The light of my life says she’s okay, but I know she’s scared. She comes to me and I give her a hug. That’s the chimpanzee syndrome. And she’s part monkey anyway. I had put the gun in my pocket and was holding her when I heard him.

“Bring the case over here, kid,” the voice said from the dark end of the platform. “Don’t move, Kelly.”

Flip walked into the shadow, then came back without the brief case and stood next to me. I would jam the bloody gun in my jacket pocket where I couldn’t get it out easily!

“Look, pal,” I said to the voice, “I can’t see who you are, so let’s call it even.

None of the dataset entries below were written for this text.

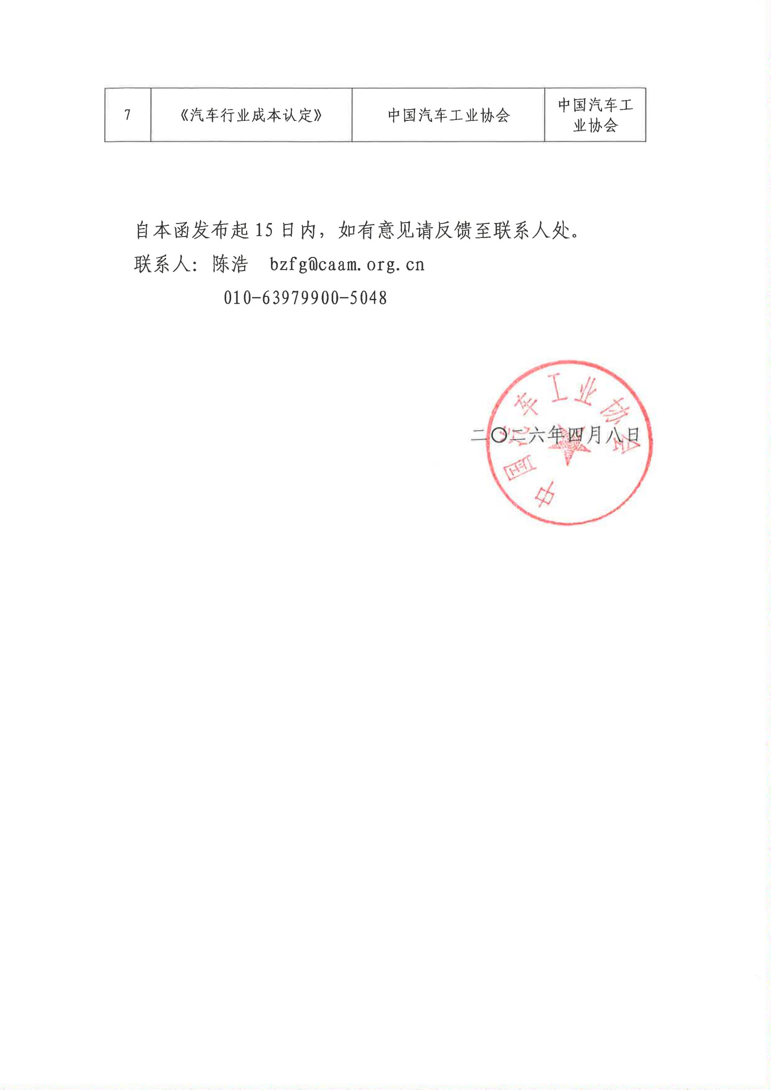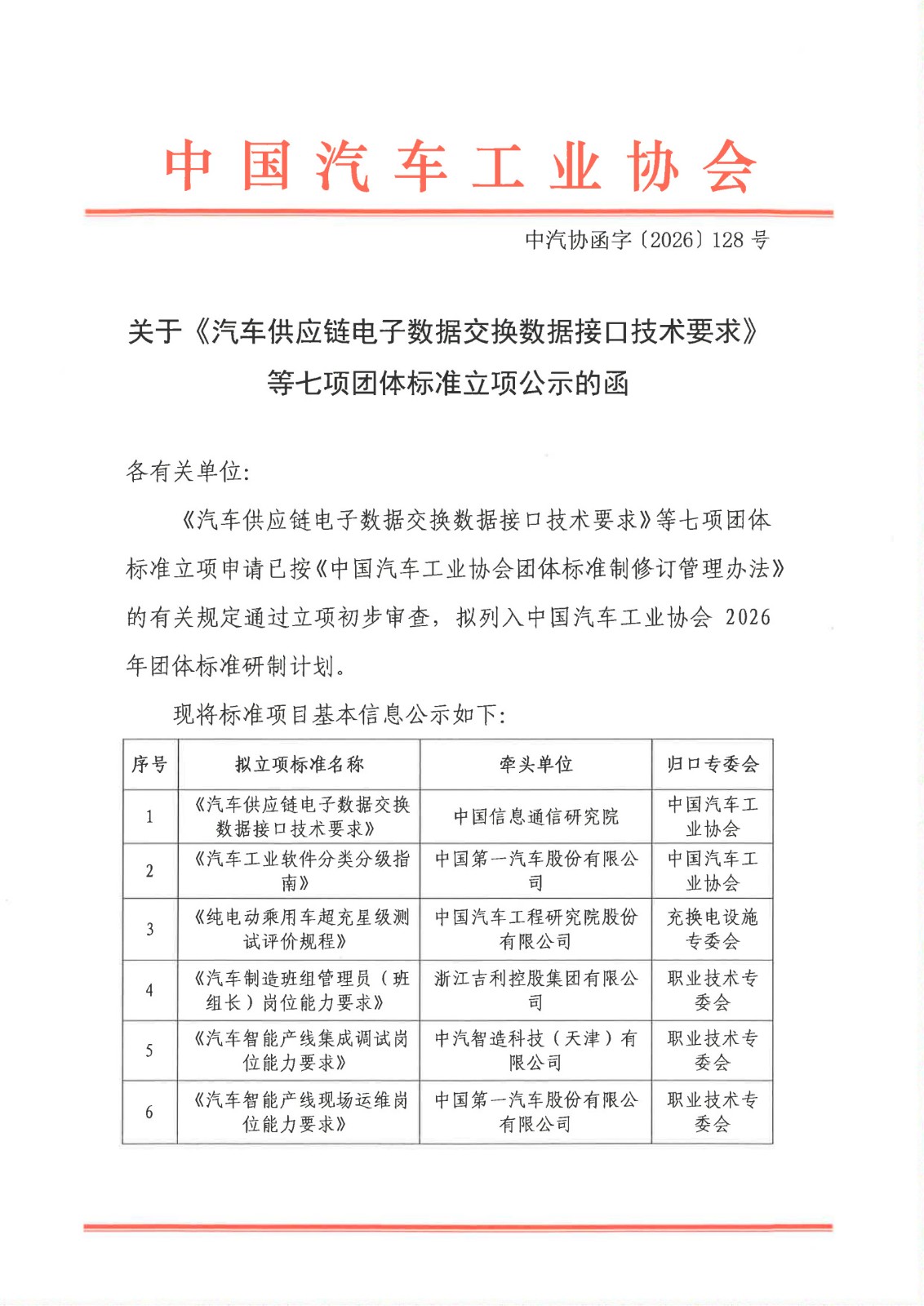 中国汽车工业协会关于《汽车供应链电子数据交换数据接口技术要求》等七项团体标准立项公示的函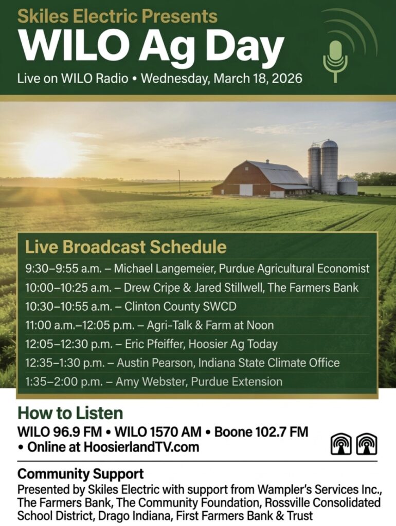 WILO and Hoosierland TV Hosts Melissa Miller and Adam Shanks interviewed leaders in Indiana Agriculture from 9:30 AM to 2 PM March 18, 2026.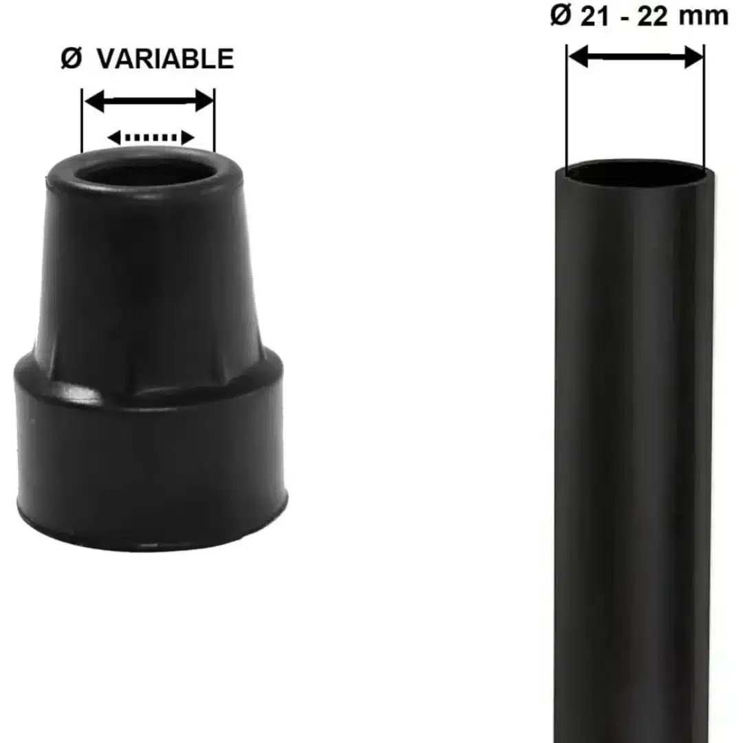 Kryckdopp i svart PVC från KMINA, anpassad för 20–22 mm rör. Ger stabilitet, halkskydd och enkel montering på kryckor eller käppar.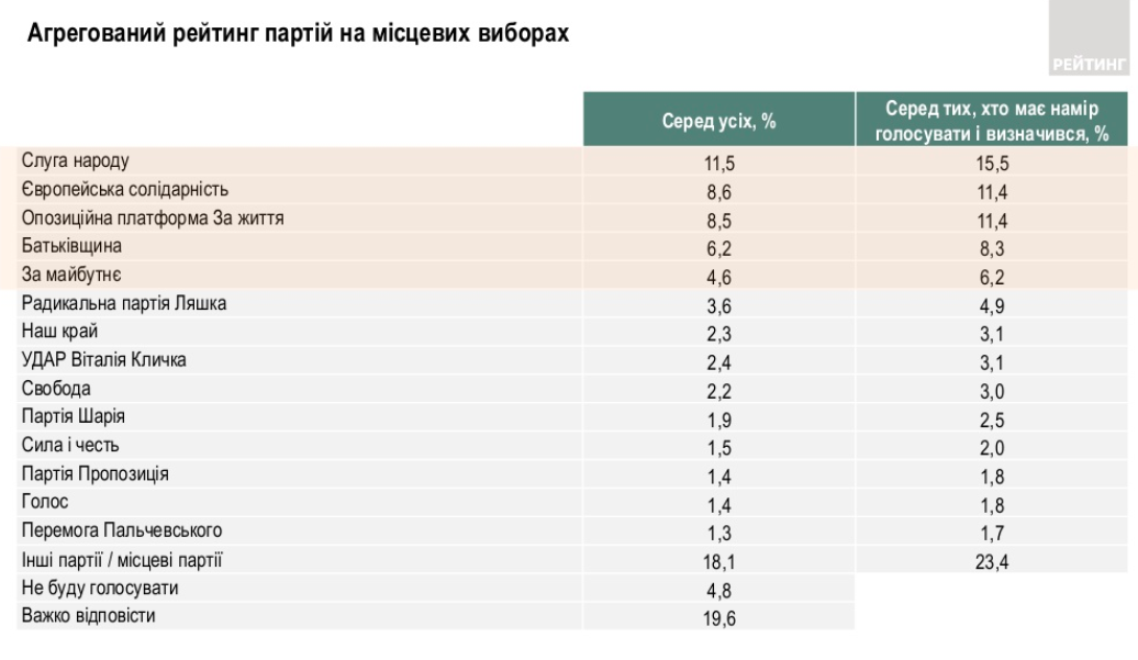 По результатам соцопроса, проведенного социологической группой "Рейтинг", во время которого было опрошено 5 тысяч человек, больше всего украинцев поддерживают партии "Слуга народа" (15,5%), "Оппозиционная платформа - За жизнь" (11,4%), "Евросолидарность" (11,4%), "Батькивщина" (8,3%),
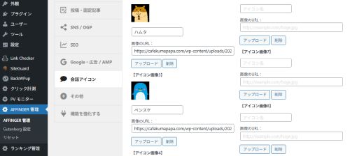 アイコン画像の登録は「AFFINGER管理」→「会話アイコン」で行います。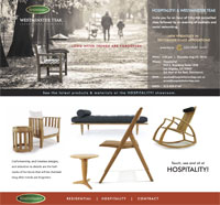 LOS ANGELES, CA - 8.28.2015 We are pleased to announce that Westminster Teak has teamed up with Annika Sandberg of "Hospitality Turnkey" (Hospitality!) to display Westminster Teak Furniture at "Hospitality!'s" showroom in the nationally renowned LA Mart, the West Coast's premier collection of design and product showrooms. Event |

You scamper out of here and we’ll forget the whole thing. You’re as free as a big beaked bird. We’ll wait here for ten minutes — an hour if you like.”

He didn’t answer and I knew his silence was going to be killing us. I couldn’t see him, but my ears are like sonar webs. He hadn’t moved since he had last said his piece, so I had a blind fix on him. I have played soldier with the kids since they were old enough to hate pablum, so I hoped they’d remember the script.

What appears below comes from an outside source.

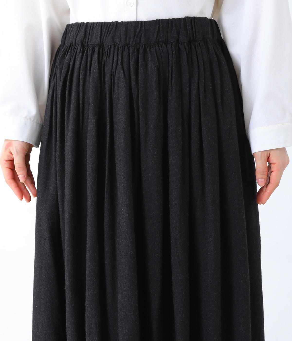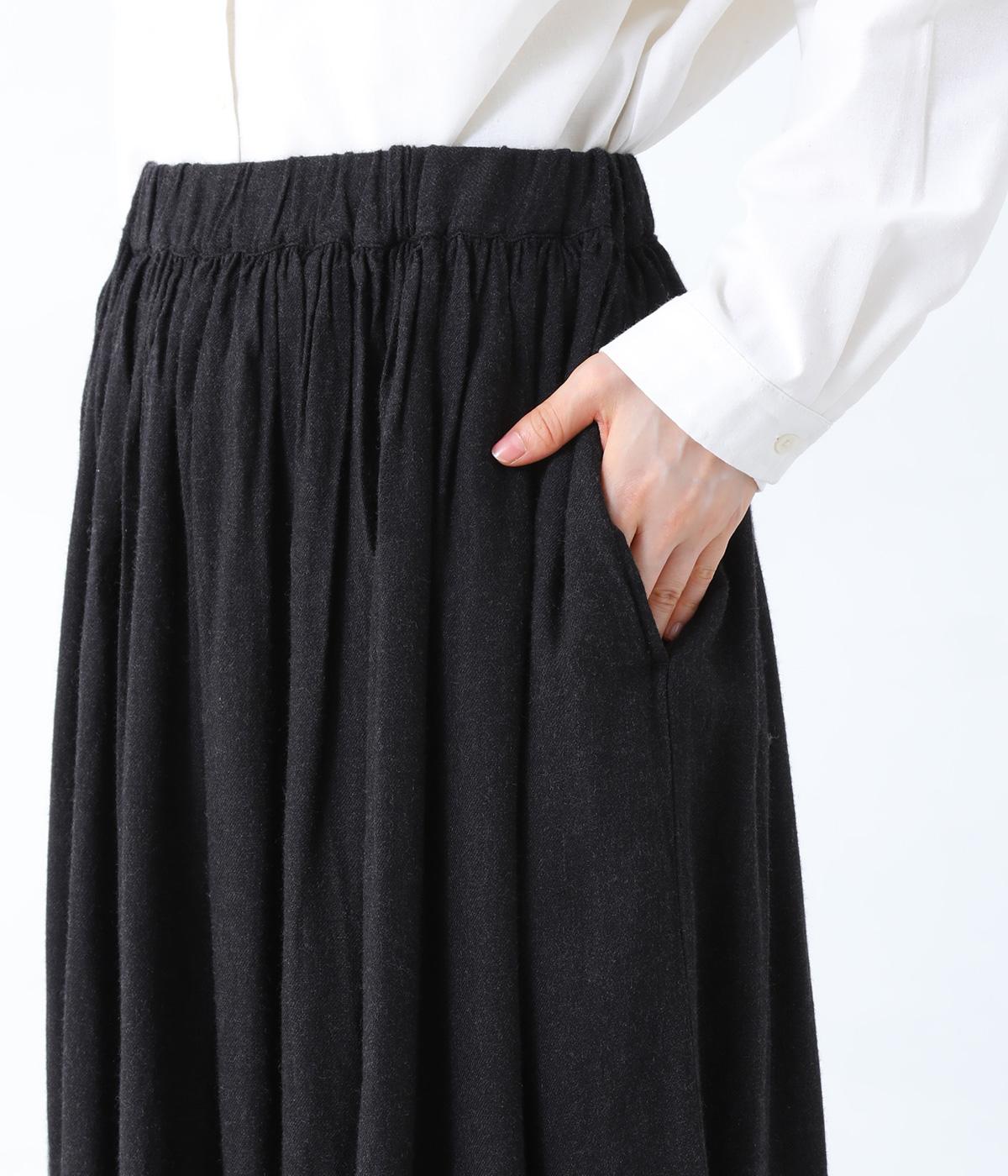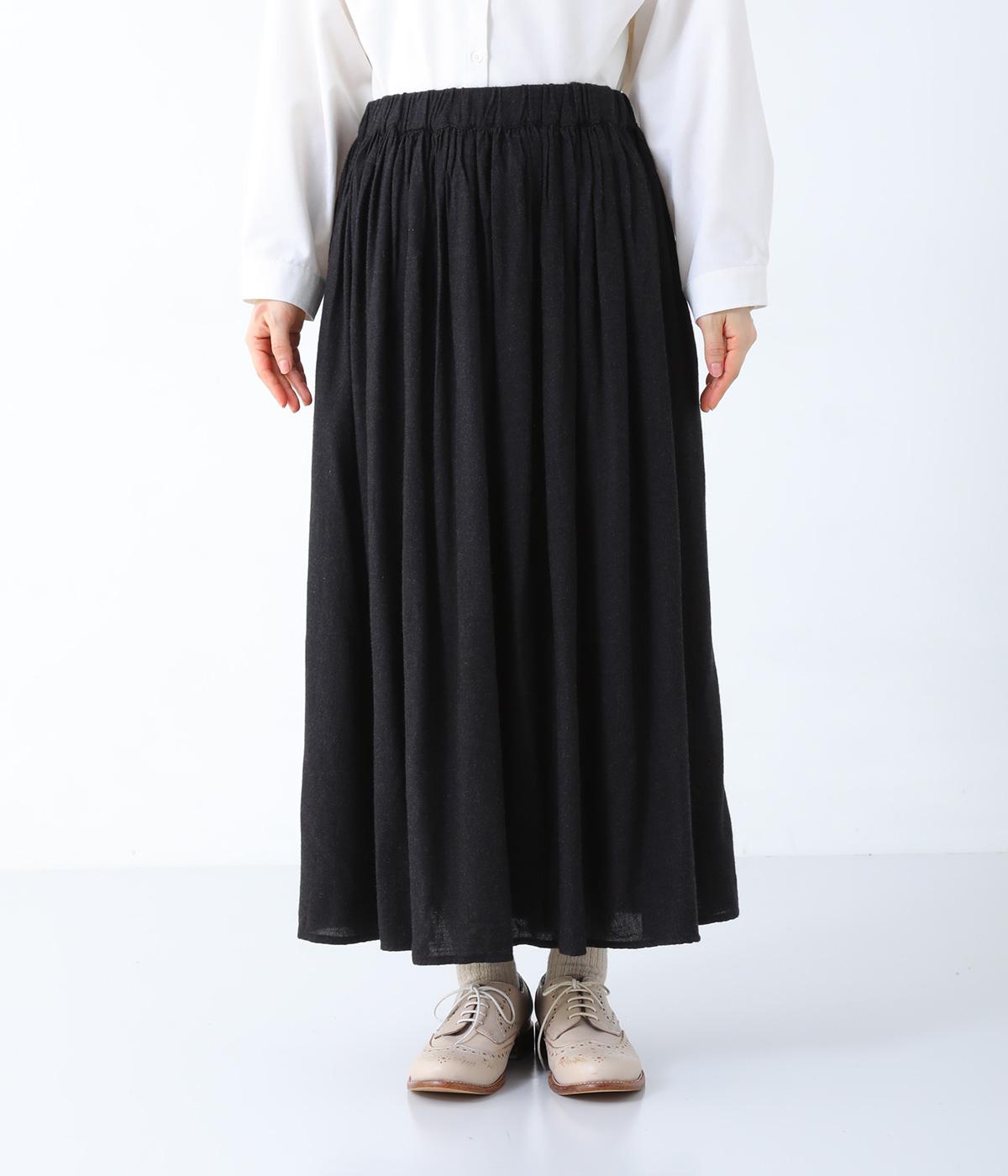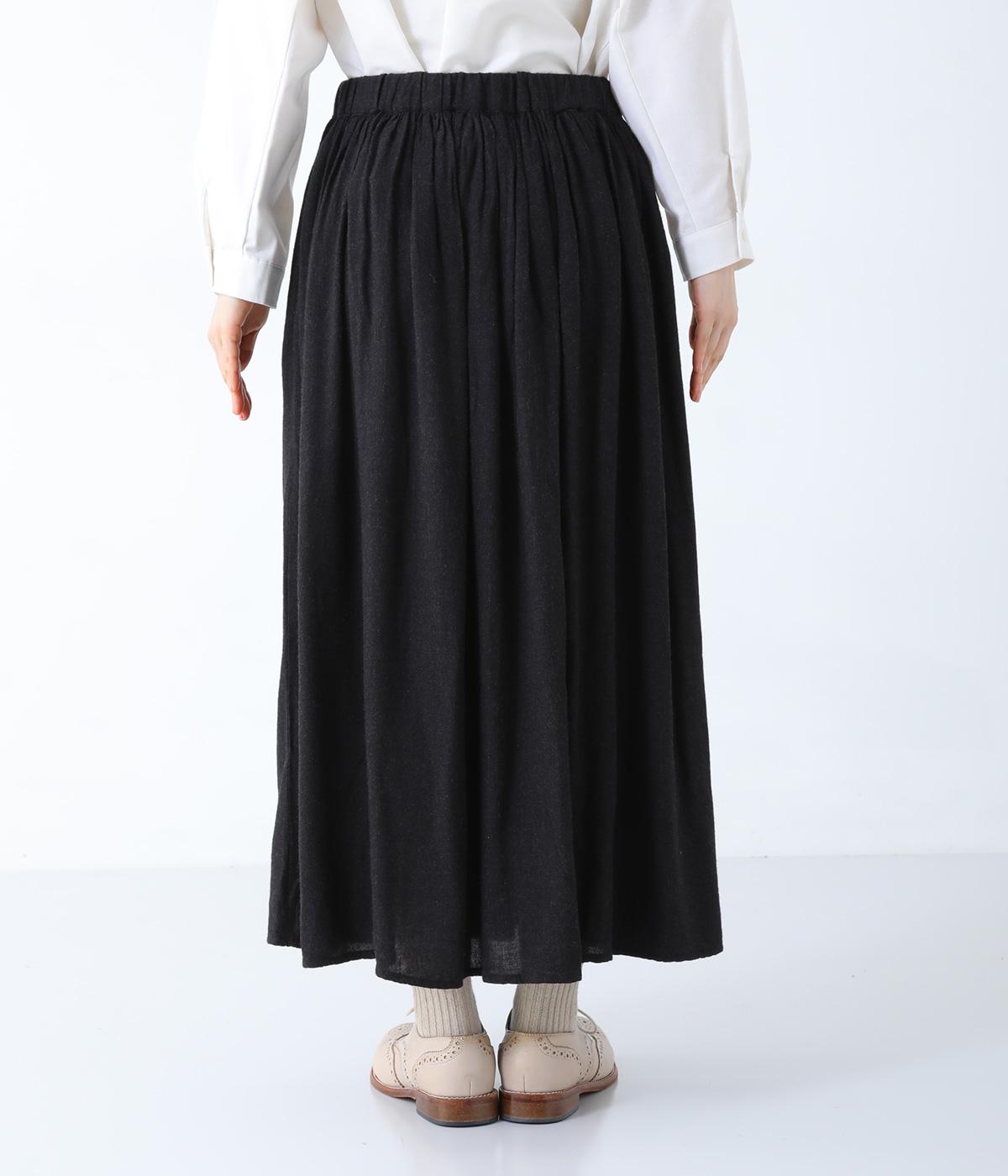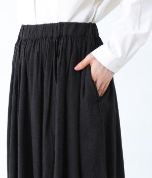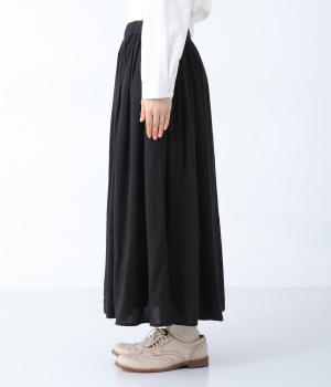 ウエストにたっぷりとギャザーをとり、生地を贅沢に使用したスカート。やわらかな生地感がうむ、女性らしい優雅なドレープが魅力です。両サイドにはあると便利なポケットつき。ワンピースのインナーとして着てもサマになる、さまざまな着こなしをたのしめる一着です。

I yelled as loud as I could, “Hit the deck!” and dove into the dark at the voice.

I was almost on him when I felt the bum in my arm. I had one hand on him and we both went down. There was no scuffle — he was motionless. Jaffee’s shot had gone through Ted Saunders, Corbett’s wife’s brother, and plinked me in the arm...

Jaffee was, of course, full of threats; there was my carrying iron, trespassing on subway tracks, interfering with a police investigation, and contributing to the delinquency of minors. The last was AH-thur’s two cents.

What really ticked Bullet-head off was the interview I gave to the media. I told them I knew it was Ted Saunders all along. He could easily have had a peek at the papers Corbett brought back from the airport, and he could have known the kids were in Oriental dress. My theory was that Teddy-boy had seen a lucrative future in the papers Corbett had gotten, and went after them. I also added that Columbia’s Drama School should beef up its course on make-up. Ted’s phony mustache and scar were from hunger. I had him on voice anyway; that’s why I tried to fake him out with the escape bit.

One TV newsman went bananas over my heroics and called my leap at Saunders Kier-kegaardian. And we all know what a fine acrobat he was.

Anyway, I got the headlines and the club is jammed with tourists who want to meet the great comic-detective. No, that’s not right — the great detective-comic.